■ Problem details: Retype the whole listing, please, keeping every line exact and dropping the pictures.

+++ Record set +++

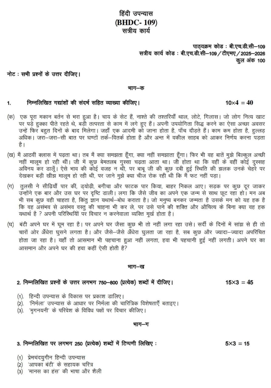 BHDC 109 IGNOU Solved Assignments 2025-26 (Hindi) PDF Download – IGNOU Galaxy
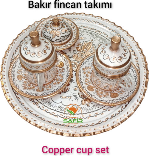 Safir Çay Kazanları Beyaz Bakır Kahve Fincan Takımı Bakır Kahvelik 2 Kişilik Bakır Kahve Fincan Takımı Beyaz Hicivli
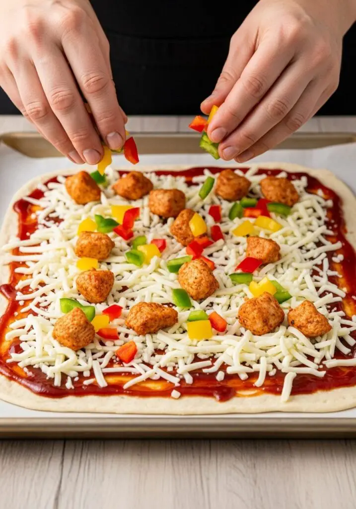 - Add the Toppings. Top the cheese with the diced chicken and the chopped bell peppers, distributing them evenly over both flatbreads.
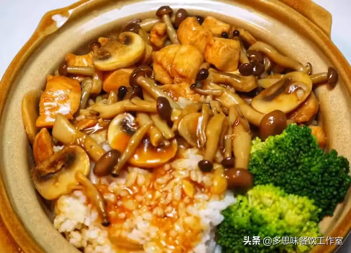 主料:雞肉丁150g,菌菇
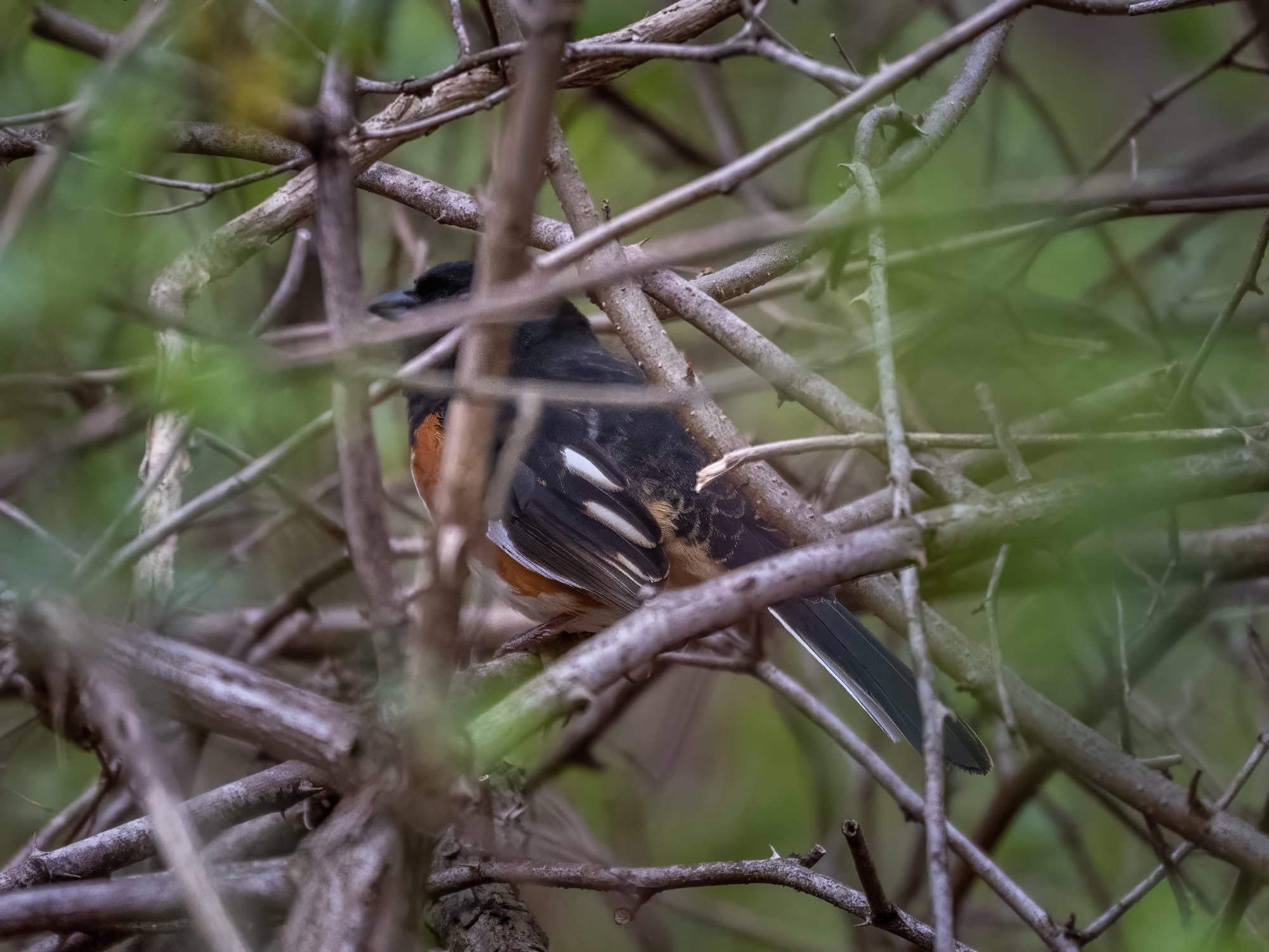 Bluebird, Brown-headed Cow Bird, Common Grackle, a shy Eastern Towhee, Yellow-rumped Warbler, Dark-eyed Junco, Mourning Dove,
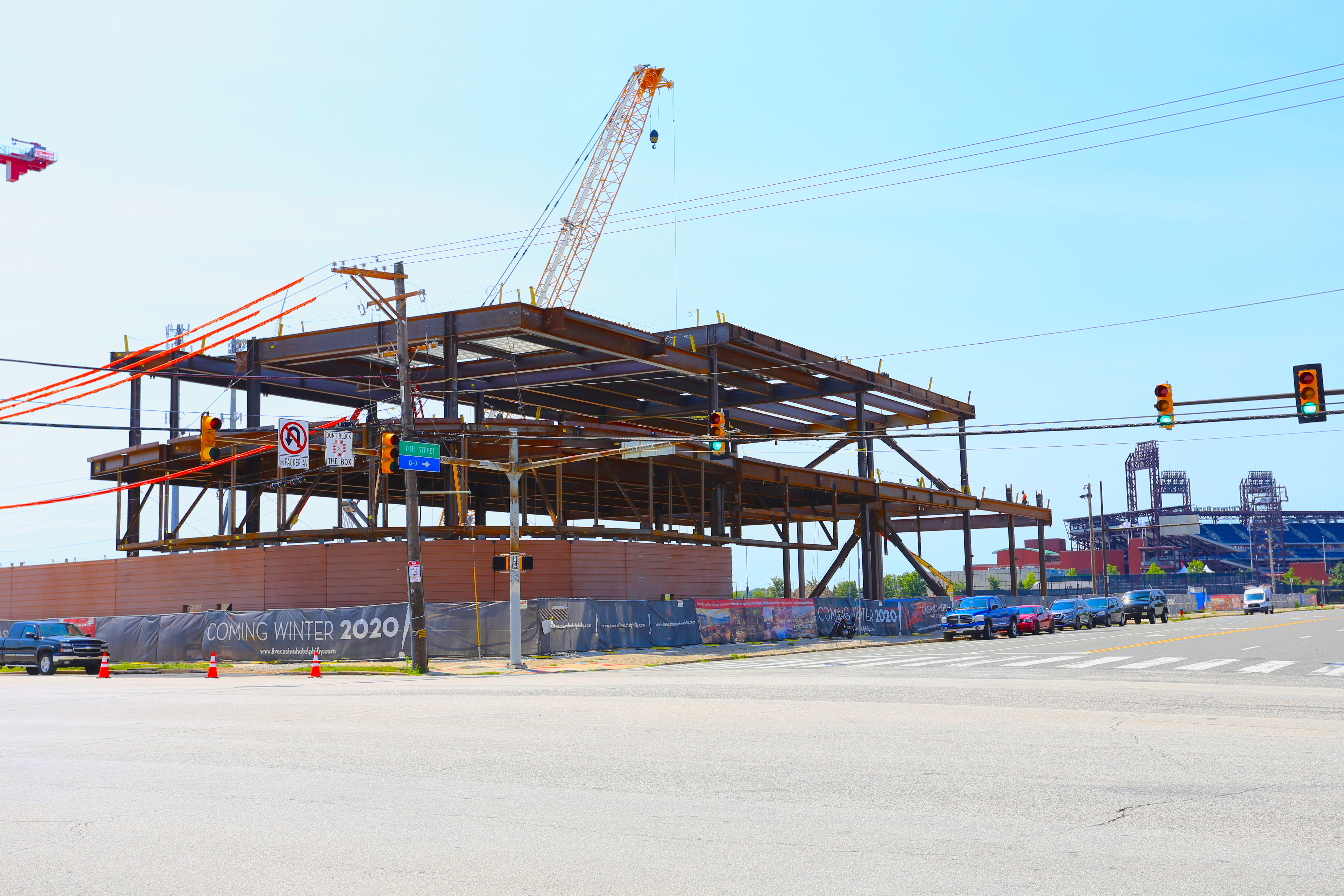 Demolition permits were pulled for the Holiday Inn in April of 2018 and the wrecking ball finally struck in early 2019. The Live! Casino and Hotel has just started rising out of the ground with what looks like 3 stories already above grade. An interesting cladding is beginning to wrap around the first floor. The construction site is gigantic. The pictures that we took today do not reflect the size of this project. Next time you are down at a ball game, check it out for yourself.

+++

■ Output of the exercise:
 BHDC 109 IGNOU Solved Assignments 2025-26 (Hindi) PDF Download – IGNOU Galaxy
 Safir Çay Kazanları Beyaz Bakır Kahve Fincan Takımı Bakır Kahvelik 2 Kişilik Bakır Kahve Fincan Takımı Beyaz Hicivli
 - Add the Toppings. Top the cheese with the diced chicken and the chopped bell peppers, distributing them evenly over both flatbreads.
 主料:雞肉丁150g,菌菇
 Bluebird, Brown-headed Cow Bird, Common Grackle, a shy Eastern Towhee, Yellow-rumped Warbler, Dark-eyed Junco, Mourning Dove,
 Demolition permits were pulled for the Holiday Inn in April of 2018 and the wrecking ball finally struck in early 2019. The Live! Casino and Hotel has just started rising out of the ground with what looks like 3 stories already above grade. An interesting cladding is beginning to wrap around the first floor. The construction site is gigantic. The pictures that we took today do not reflect the size of this project. Next time you are down at a ball game, check it out for yourself.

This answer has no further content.